# Your task
The entries below contain pictures. Write out only the lines from the line with "The Battle of" up to and including the line with "Plug & Socket", exactly, without them.

# Task data
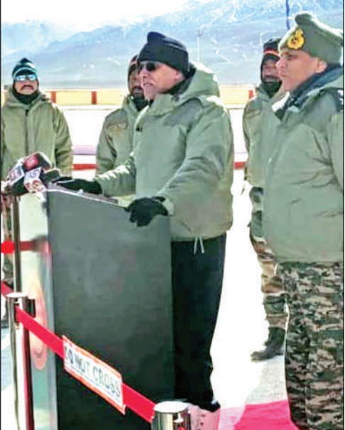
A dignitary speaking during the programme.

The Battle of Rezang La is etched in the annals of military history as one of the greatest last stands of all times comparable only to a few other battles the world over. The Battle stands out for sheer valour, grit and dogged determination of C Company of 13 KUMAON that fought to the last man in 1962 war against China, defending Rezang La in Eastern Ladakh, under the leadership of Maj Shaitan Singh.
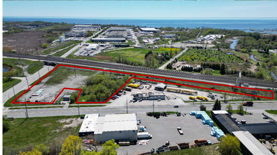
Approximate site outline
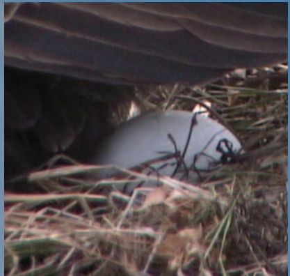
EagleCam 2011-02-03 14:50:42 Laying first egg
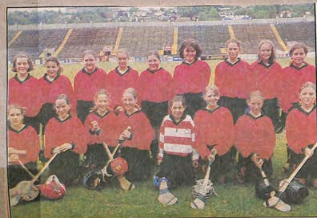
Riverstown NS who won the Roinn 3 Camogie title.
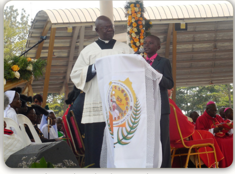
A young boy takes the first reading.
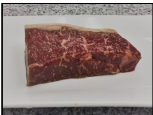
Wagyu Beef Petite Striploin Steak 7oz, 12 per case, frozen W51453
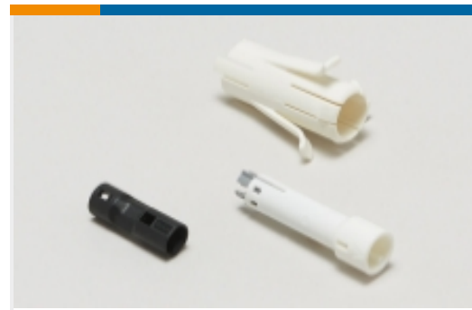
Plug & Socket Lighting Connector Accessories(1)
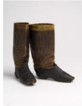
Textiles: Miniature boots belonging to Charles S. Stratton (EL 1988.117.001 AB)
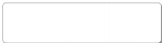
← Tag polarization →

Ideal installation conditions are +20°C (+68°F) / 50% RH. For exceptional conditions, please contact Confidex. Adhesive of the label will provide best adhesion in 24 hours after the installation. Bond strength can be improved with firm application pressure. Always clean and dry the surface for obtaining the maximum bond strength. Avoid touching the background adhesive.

* * *

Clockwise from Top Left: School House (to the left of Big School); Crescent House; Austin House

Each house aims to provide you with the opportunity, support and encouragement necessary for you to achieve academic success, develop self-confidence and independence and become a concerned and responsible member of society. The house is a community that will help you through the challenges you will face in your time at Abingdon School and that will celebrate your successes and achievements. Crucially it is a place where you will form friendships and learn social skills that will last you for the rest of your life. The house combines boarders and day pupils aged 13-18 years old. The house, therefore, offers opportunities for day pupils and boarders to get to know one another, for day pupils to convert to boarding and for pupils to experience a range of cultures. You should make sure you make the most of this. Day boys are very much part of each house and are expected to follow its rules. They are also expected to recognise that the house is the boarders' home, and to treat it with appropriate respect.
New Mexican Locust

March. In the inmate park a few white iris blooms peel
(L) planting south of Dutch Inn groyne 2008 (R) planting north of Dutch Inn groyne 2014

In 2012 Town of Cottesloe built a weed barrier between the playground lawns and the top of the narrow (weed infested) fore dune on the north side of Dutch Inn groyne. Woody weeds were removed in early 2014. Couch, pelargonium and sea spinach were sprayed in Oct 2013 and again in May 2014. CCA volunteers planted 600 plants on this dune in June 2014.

# Output of the task
The Battle of Rezang La is etched in the annals of military history as one of the greatest last stands of all times comparable only to a few other battles the world over. The Battle stands out for sheer valour, grit and dogged determination of C Company of 13 KUMAON that fought to the last man in 1962 war against China, defending Rezang La in Eastern Ladakh, under the leadership of Maj Shaitan Singh.
Approximate site outline
EagleCam 2011-02-03 14:50:42 Laying first egg
Riverstown NS who won the Roinn 3 Camogie title.
A young boy takes the first reading.
Wagyu Beef Petite Striploin Steak 7oz, 12 per case, frozen W51453
Plug & Socket Lighting Connector Accessories(1)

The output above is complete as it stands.